(Stored dataset items)

··········

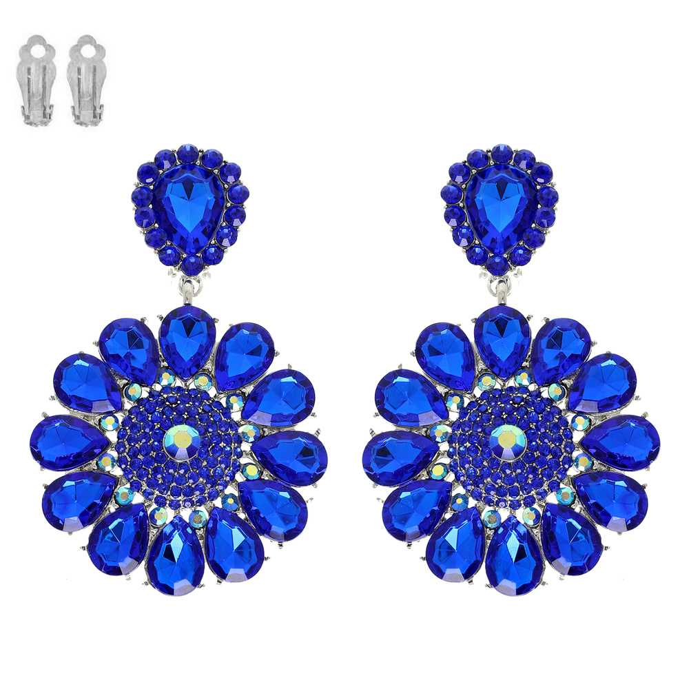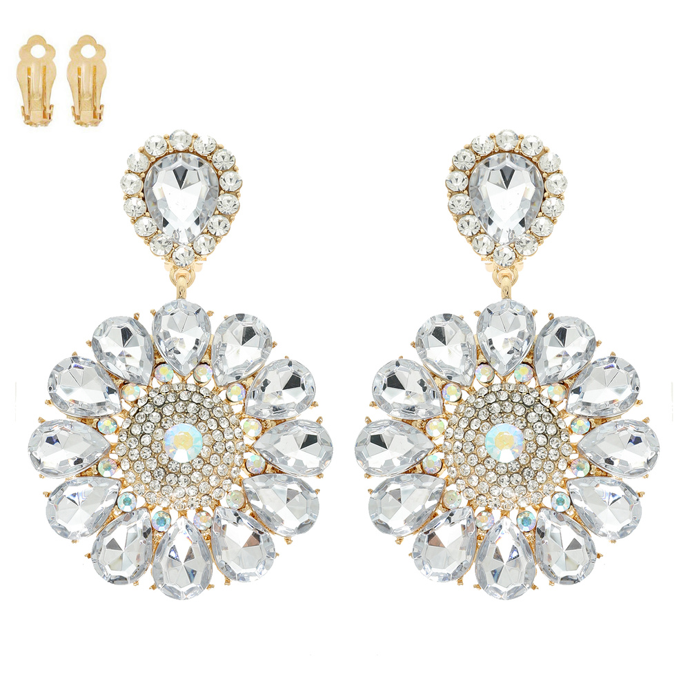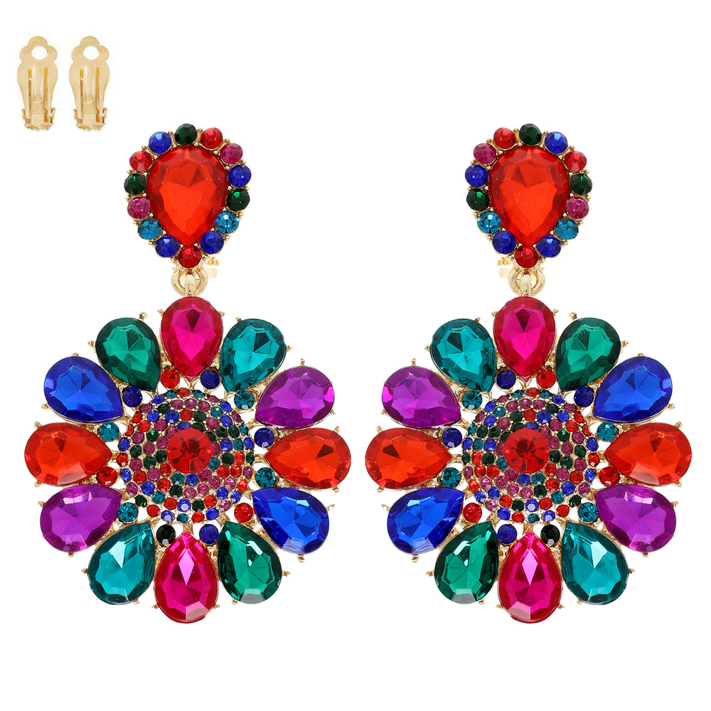 FLORAL TEARDROP MULTI-CUT CRYSTAL RHINESTONE CLUSTER CLIP-ON EARRINGS
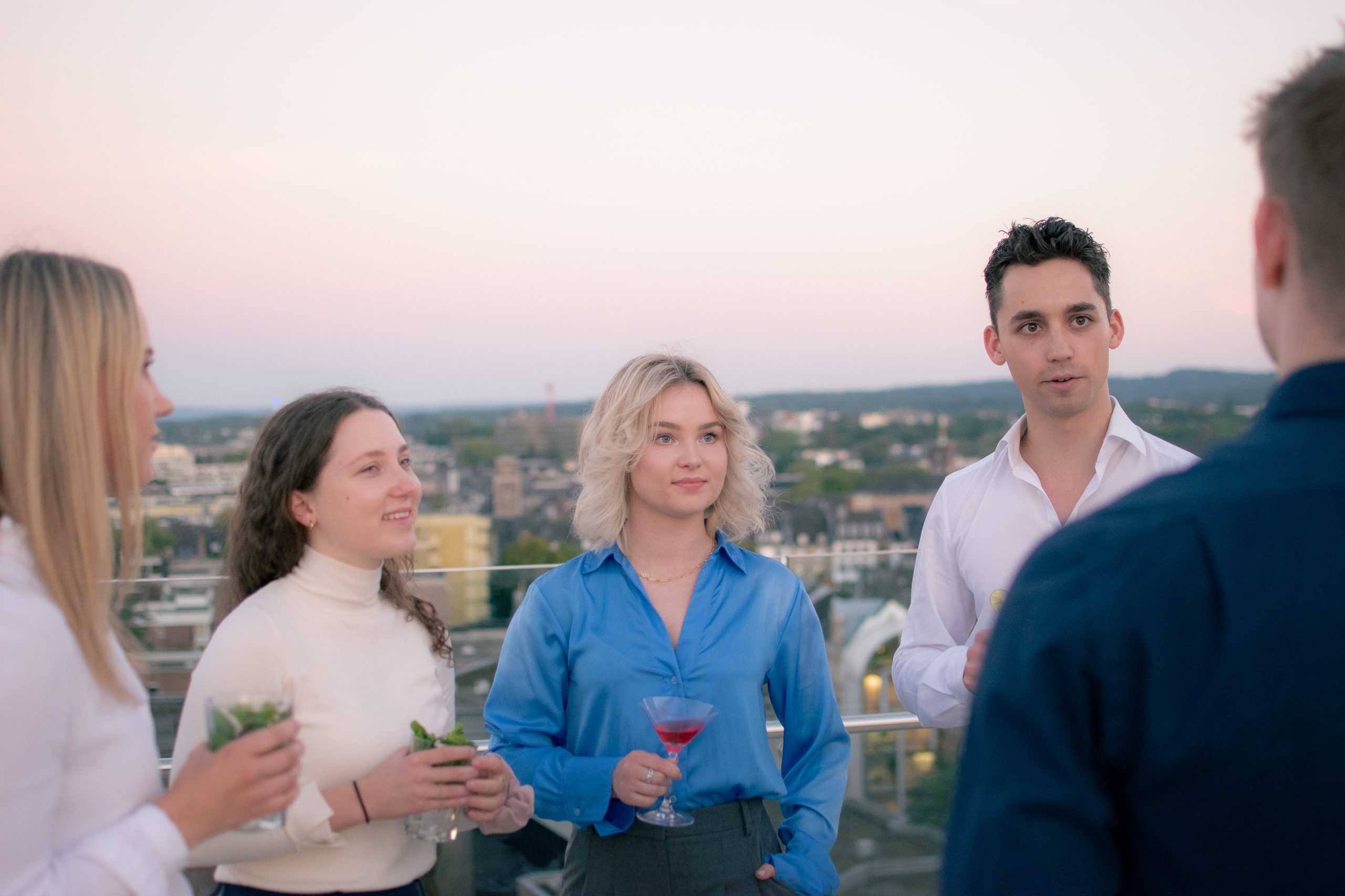 Feiere mit uns! Wir lassen den Bewerbungsprozess in lockerer Atmosphäre ausklingen und stoßen gemeinsam auf die neuen Mitglieder an.
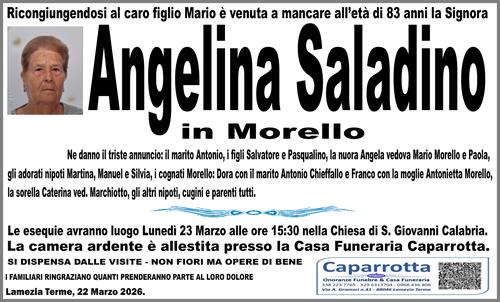Ne danno il triste annuncio: il marito Antonio, i figli Salvatore e Pasqualino, la nuora Angela vedova Mario Morello e Paola, gli adorati nipoti Martina, Manuel e Silvia, i cognati Morello: Dora con il marito Antonio Chieffallo e Franco con la moglie Antonietta Morello, la sorella Caterina ved. Marchiotto, gli altri nipoti, cugini e parenti tutti.
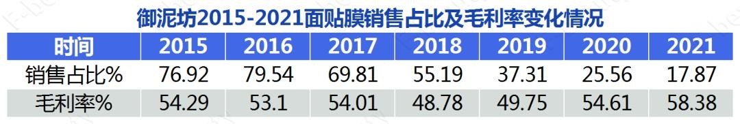 这也让一部分国产专业面膜品牌在面贴膜类目的毛利率持续处于低位。以御泥坊为例,其最近8年来面贴膜的平均毛利率只有53%。在竞争最为激烈的时候,毛利率甚至只有48%。这和珀莱雅等国产综合性化妆品品牌平均63%以上的毛利率相比,至少低了10个百分点。
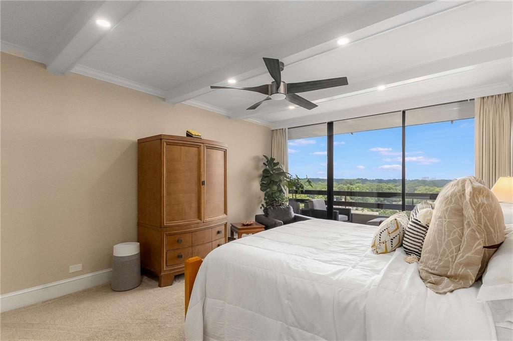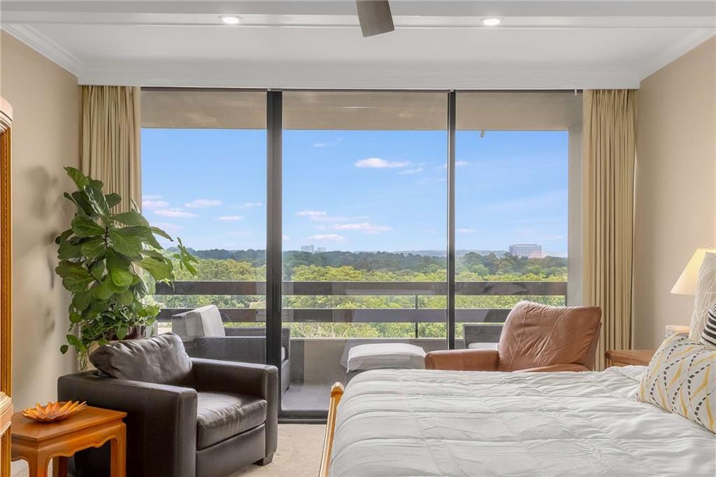 Luxury Living, Effortlessly Defined. Discover the ultimate lock-and-leave lifestyle in the prestigious Park Place on Peachtree. Residence 13F is move-in ready and brimming with refined updates and thoughtful design details. Beautiful site-finished hardwoods flow through the main living areas, where coffered ceilings, a custom bar, and a stylish faux fireplace create a warm and inviting atmosphere. The updated kitchen is equally impressive, featuring new flooring, soft-close cabinetry, banquette seating with built-in storage, Cambria countertops, a wine cooler, Sub-Zero refrigerator, Dacor appliances including microwave, oven, warming drawer, and a sleek induction cooktop—all designed for elevated everyday living. The flexible guest room includes custom built-ins with desk and cabinetry, making it ideal as a home office or additional retreat. The primary suite is a serene escape with coffered ceilings, a spacious custom walk-in closet, and an elegantly renovated en-suite bath boasting modern tile, fixtures, dual vanities, and a towel warmer for added comfort. The guest bath mirrors these updates with fresh flooring, countertops, and contemporary vessel sinks. Every detail has been considered—from new designer lighting and motorized shades in the living, dining, and primary rooms to two private walk-out balconies offering spectacular vistas of the Buckhead skyline, treetops, and even Stone Mountain in the distance. This is more than a home—it’s a lifestyle. Don’t miss your chance to experience it. Park Place on Peachtree is revered as the first luxury high rise condominium in Atlanta and because of superior leadership and management has maintained its elite position in the Buckhead High Rise community. Park Place gives you more than just the key to a magnificent home, it opens the door to a magnificent lifestyle with many new upgrades including elevators, porte cochere, landscaping, and freshly renovated common areas on residential floors. Amenities and features include a grand lobby with welcoming Lobby Ambassadors, valet parking, attentive staff including engineering, housekeeping, maintenance and management, electronically monitored access controls manned 24/7/365, gated secured parking garage, traffic light for easy ingress and egress, event room with full catering kitchen available for homeowner use, heated saltwater pool with newly expanded pool deck and shade features, new beautiful garden with event lawn, water and fire features and grill pavilion with dining area, fitness center with sauna, climate controlled wine cellar where each homeowner has an assigned bin, 2 guest suites available for owners to rent for their guests, convenient pet walk, community EV charging stations, emergency call system and water leak detection system in every home, many social activities, and assigned storage with every home.
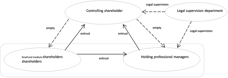 However, in the practice of mixed ownership reform of state-owned enterprises, there are many problems that need to be solved. Understanding of mixed ownership in practice is relatively narrow, it simply understood the mixed ownership as the adjustment of ownership structure, and rarely involved in corporate governance mechanism matching reform. Especially, it rarely involves how to improve the efficiency of mixed ownership enterprises, how to protect the rights of medium and small investors, how to standardize enterprise for solving the problems of the governance mechanism design, this is the important reason for not too successful of state-owned enterprises reform China for many years [3] . The western theoretical circle has constructed the corporate governance theory for the shareholding separation enterprises by using the traditional principal-agent theory, which mainly solves the conflict of interests between the shareholders and the business operators, that is, the first type of agency problem [4] [5] . However, the majority of corporate equity in China is not decentralized but highly concentrated. The controlling shareholders have the motivation and power to seek private interests through influencing various decisions of the company, and to tunnel the corporate value or expropriate the interests of medium and small shareholders [6] [7] . In particular, in order to maintain control power, the state-owned capital often choose to hold absolute control over the enterprise, which leads to the widespread phenomenon that the controlling shareholders abuse control and occupy other shareholders’ interests [8] . Therefore, businesses in practice generally exists dual principal-agent problem, which is all the shareholders to operator managers and small & medium-sized shareholders to controlling shareholders [9] , the interests conflicts between the small- & medium-sized shareholders to controlling shareholder is growing, this is the second agency problem. The tunneling behavior of controlling shareholders to the interests of minority shareholders has a direct impact on the initiative of private capital to enter into state-owned enterprises, which is resulted in the dilemma of state-owned enterprise mixed ownership reform.
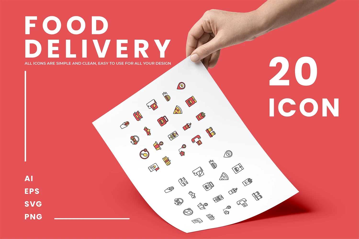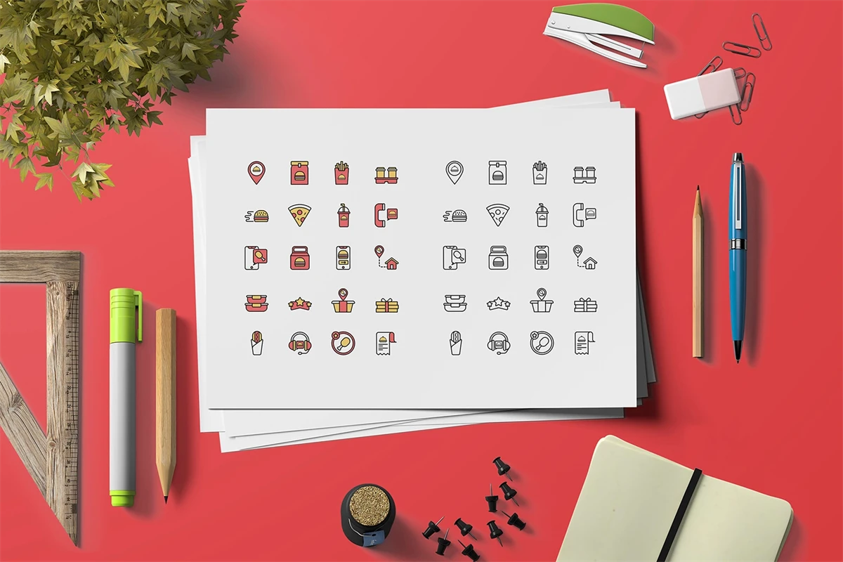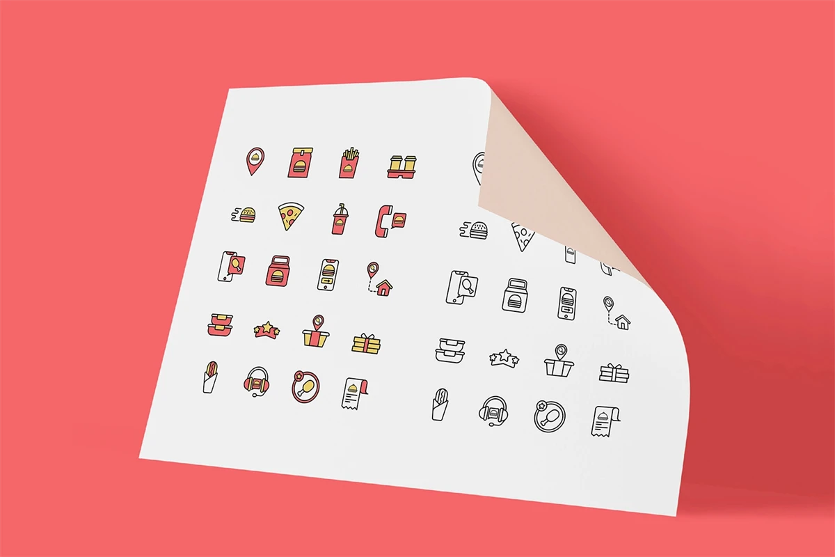 Don't miss it Food Delivery - Icons This professional Icons pack, high quality, for professional designers, easy to use, fully editable & customizable in Adobe Illustrator
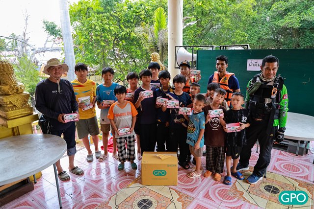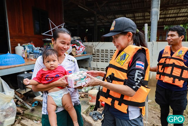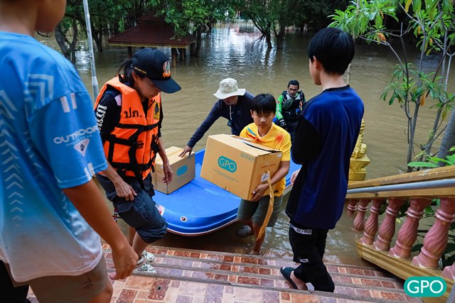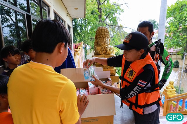 โดยการช่วยเหลือในครั้งนี้ องค์การฯ มอบชุดผู้ประสบภัย ได้แก่ ยาไมโครนาโซน 5 กรัม, ยาเพรดนิโซโลนครีม 5 กรัม, ยาเม็ดแก้แพ้ลดน้ำมูกคลอร์เฟนิรามิน, ยาเม็ดพาราเซตามอล 500 มก., ผงน้ำตาลเกลือแร่, แอลกอฮอล์เช็ดแผล, สำลี, และพลาสเตอร์ องค์การเภสัชกรรมพร้อมสนับสนุนการดูแลสุขภาพประชาชนในทุกสถานการณ์ โดยเฉพาะช่วงน้ำท่วมที่มีความเสี่ยงต่อโรคติดเชื้อ การขาดยารักษาโรค และปัญหาสุขภาพในกลุ่มเด็ก ผู้สูงอายุ และผู้ป่วยโรคเรื้อรัง จะยังคงจัดส่งยาและเวชภัณฑ์เพิ่มเติมอย่างต่อเนื่องจนกว่าสถานการณ์จะคลี่คลาย
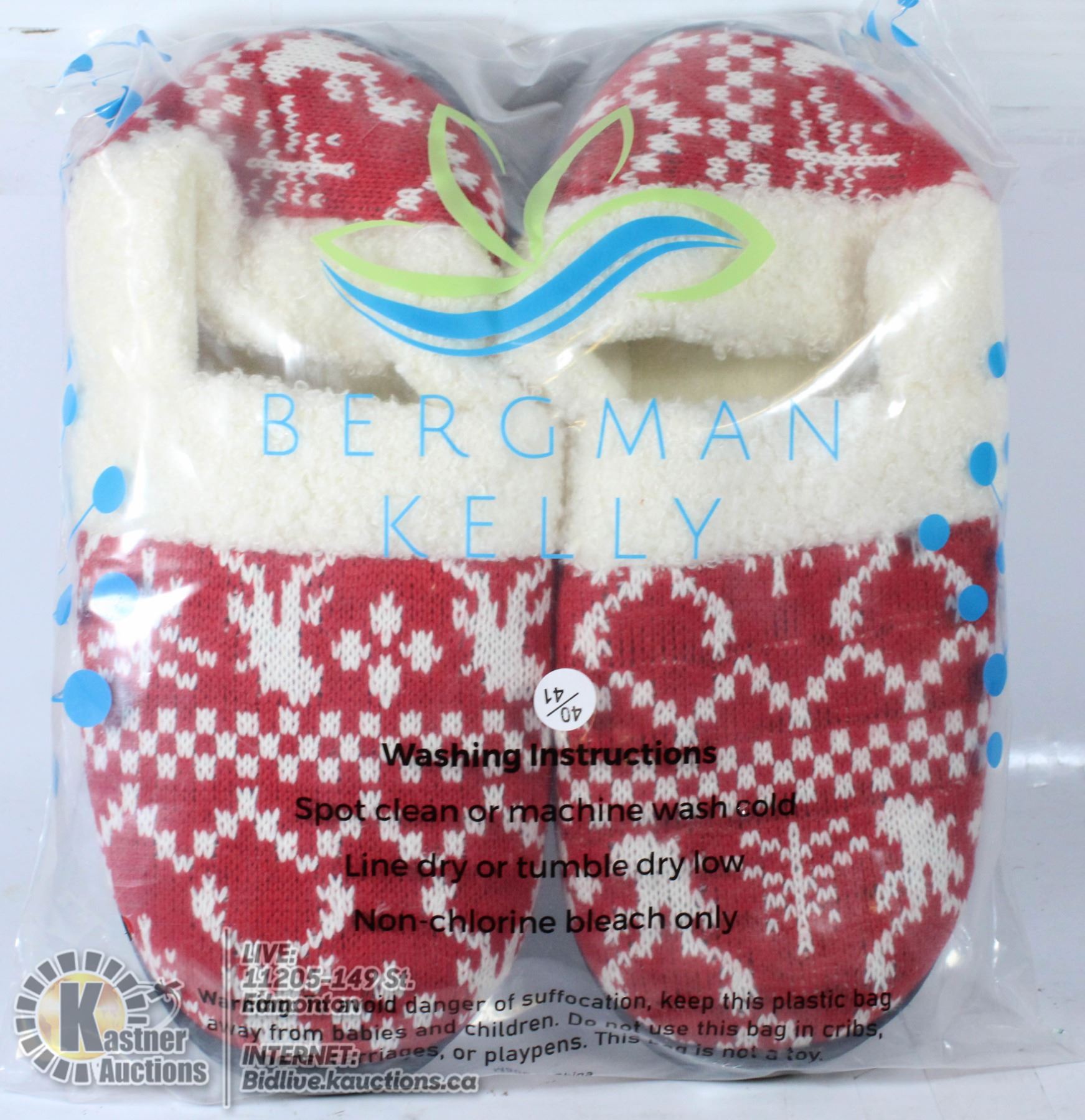 BERGMAN KELLY FLEECE MEMORY FOAM SLIPPERS SIZE 7-8

··········

**REQUIRED WORK:**
No pictures should appear in the copy, which holds exactly the lines from the first line of the data through the line with "Feiere mit uns!" and nothing else.

**ANSWER TO THIS TASK:**
 FLORAL TEARDROP MULTI-CUT CRYSTAL RHINESTONE CLUSTER CLIP-ON EARRINGS
 Feiere mit uns! Wir lassen den Bewerbungsprozess in lockerer Atmosphäre ausklingen und stoßen gemeinsam auf die neuen Mitglieder an.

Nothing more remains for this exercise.